Below are records with pictures. Reproduce exactly the lines from the line with "20° Anniversario del" to the line with "1月25日,在新春佳节即将来", inclusive, and leave each picture out.

+++ Provided data +++

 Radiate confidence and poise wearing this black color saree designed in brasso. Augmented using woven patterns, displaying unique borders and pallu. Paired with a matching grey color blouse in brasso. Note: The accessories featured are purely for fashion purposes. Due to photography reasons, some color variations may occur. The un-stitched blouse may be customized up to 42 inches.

+++
+++ Provided data +++

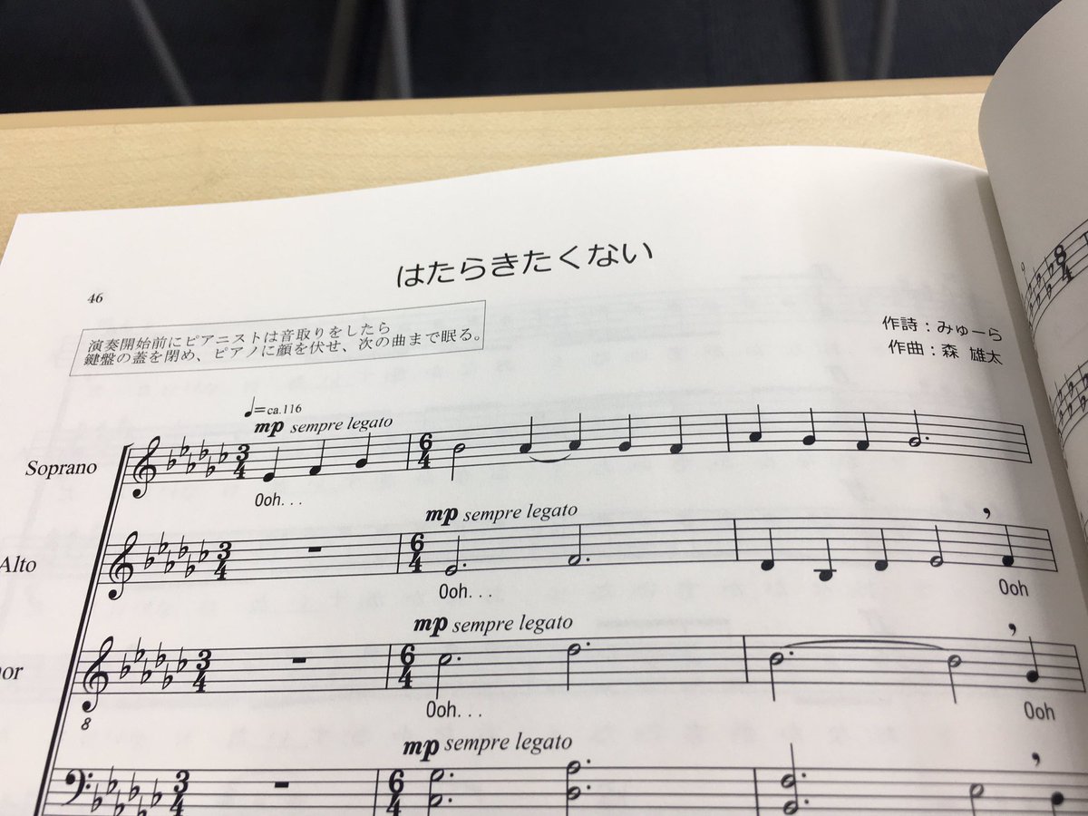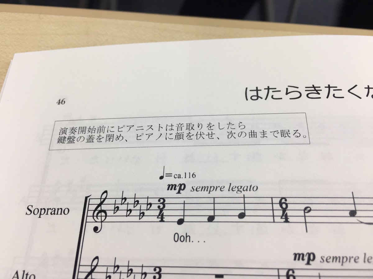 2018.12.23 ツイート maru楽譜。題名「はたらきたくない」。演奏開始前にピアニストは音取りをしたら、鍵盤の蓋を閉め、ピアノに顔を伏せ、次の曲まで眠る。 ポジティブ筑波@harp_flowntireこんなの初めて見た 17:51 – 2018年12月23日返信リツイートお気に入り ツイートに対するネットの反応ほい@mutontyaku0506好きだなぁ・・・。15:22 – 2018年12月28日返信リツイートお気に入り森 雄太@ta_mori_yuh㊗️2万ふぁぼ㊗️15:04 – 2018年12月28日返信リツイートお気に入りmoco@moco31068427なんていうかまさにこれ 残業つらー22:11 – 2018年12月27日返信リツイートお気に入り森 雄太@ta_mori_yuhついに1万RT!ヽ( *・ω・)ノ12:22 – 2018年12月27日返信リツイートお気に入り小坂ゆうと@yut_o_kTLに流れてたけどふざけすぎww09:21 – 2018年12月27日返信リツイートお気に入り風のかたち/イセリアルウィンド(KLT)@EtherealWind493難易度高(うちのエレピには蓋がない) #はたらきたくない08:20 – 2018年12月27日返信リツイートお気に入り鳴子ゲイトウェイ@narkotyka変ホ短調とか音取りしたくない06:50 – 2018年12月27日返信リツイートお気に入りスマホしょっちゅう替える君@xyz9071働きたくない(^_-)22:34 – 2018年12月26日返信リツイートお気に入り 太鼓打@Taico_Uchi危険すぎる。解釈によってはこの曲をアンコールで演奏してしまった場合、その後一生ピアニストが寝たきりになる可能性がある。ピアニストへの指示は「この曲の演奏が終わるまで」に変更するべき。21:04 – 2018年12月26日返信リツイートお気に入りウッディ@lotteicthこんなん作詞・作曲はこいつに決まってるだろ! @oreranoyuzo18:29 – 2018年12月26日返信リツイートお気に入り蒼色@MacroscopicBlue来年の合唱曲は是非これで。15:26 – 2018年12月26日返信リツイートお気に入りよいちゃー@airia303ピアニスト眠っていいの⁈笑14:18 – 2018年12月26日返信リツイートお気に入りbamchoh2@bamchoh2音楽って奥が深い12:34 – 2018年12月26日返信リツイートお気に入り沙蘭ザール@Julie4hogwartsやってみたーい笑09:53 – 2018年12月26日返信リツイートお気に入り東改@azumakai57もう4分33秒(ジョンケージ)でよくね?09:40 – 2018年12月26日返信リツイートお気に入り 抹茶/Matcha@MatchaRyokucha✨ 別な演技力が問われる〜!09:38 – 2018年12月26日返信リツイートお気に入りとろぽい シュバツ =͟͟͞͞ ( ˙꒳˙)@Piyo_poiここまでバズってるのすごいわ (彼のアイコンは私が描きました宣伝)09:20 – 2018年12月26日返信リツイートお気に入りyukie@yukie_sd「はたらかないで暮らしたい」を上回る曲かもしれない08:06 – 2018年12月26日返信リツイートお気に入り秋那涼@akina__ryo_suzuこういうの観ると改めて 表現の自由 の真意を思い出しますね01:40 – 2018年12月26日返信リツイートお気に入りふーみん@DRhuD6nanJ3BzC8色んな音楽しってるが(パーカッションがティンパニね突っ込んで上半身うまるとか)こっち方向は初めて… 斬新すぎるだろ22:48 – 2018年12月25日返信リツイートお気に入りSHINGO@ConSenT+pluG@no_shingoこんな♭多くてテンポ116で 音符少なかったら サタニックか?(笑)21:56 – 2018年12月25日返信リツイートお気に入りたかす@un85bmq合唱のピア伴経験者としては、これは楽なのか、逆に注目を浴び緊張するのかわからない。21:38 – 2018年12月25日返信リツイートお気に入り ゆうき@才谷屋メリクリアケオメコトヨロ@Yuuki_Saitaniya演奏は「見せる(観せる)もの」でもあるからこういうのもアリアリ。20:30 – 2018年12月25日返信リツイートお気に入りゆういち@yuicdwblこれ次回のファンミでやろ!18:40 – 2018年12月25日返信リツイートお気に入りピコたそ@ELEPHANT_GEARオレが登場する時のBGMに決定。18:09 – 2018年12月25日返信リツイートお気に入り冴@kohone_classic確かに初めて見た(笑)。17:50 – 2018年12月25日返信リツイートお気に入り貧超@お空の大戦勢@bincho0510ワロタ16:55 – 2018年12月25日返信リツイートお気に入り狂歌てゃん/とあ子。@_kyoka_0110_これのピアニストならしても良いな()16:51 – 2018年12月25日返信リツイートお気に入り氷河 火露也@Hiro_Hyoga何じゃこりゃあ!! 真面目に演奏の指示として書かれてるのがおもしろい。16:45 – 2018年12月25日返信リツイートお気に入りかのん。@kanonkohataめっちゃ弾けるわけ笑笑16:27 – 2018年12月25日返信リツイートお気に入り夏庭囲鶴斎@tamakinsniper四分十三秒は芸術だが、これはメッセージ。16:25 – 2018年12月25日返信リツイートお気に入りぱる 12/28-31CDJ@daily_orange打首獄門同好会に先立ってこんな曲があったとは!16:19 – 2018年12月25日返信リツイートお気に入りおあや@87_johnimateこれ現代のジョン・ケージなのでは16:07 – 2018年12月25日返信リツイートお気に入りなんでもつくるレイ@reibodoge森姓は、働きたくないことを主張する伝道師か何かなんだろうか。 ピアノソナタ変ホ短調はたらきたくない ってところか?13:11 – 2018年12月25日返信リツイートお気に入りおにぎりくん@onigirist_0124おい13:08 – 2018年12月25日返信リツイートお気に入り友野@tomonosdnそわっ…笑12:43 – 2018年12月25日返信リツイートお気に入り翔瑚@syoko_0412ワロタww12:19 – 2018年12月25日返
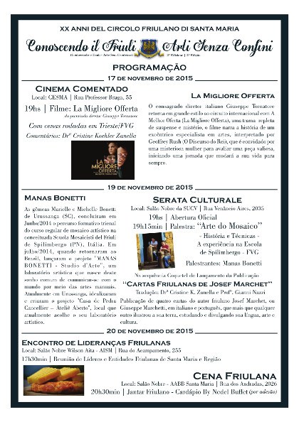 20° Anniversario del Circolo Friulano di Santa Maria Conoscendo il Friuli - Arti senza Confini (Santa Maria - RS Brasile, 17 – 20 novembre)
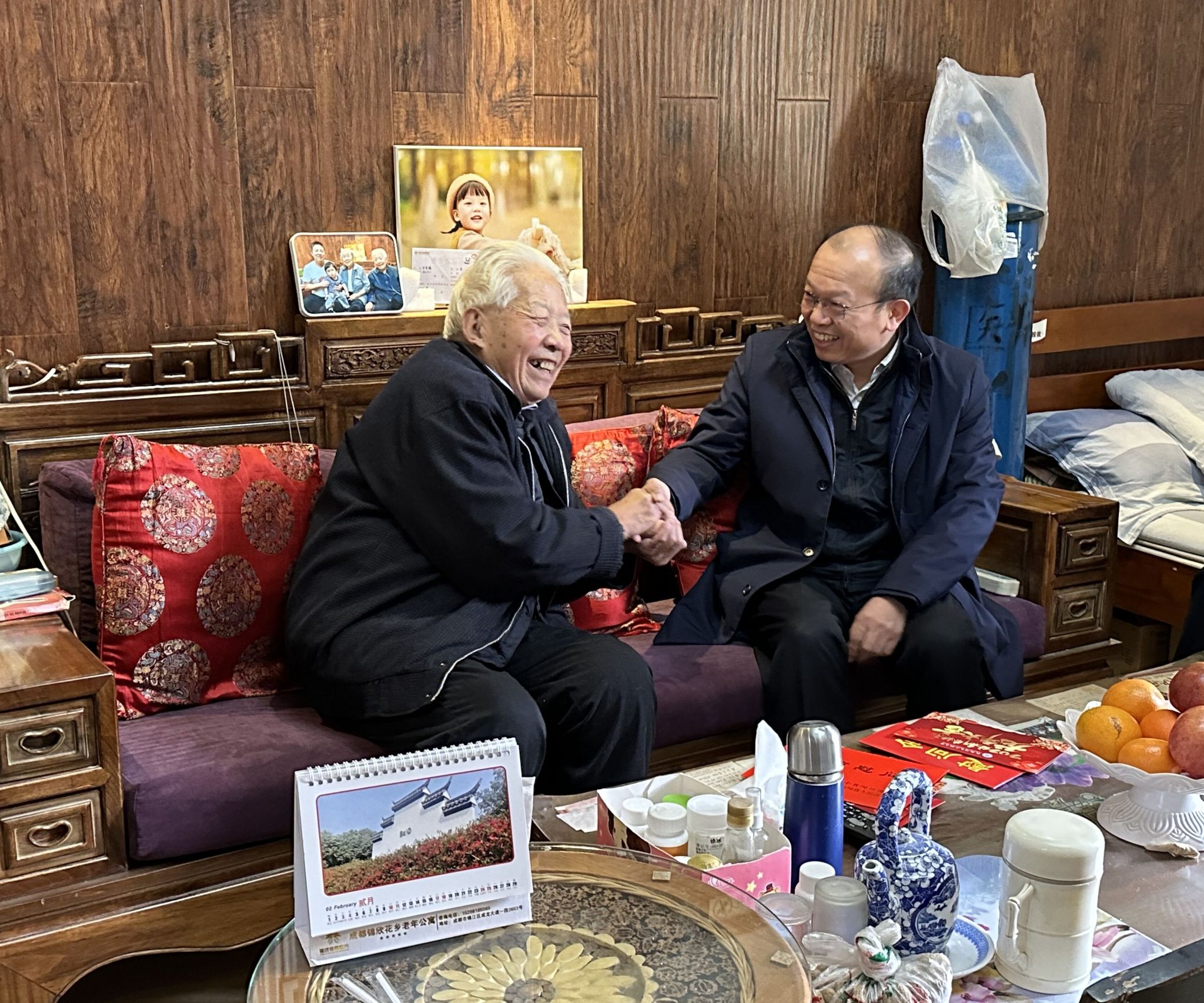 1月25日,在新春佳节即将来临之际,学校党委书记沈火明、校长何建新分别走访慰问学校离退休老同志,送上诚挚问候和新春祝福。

+++

◆ Output below ◆
 20° Anniversario del Circolo Friulano di Santa Maria Conoscendo il Friuli - Arti senza Confini (Santa Maria - RS Brasile, 17 – 20 novembre)
 1月25日,在新春佳节即将来临之际,学校党委书记沈火明、校长何建新分别走访慰问学校离退休老同志,送上诚挚问候和新春祝福。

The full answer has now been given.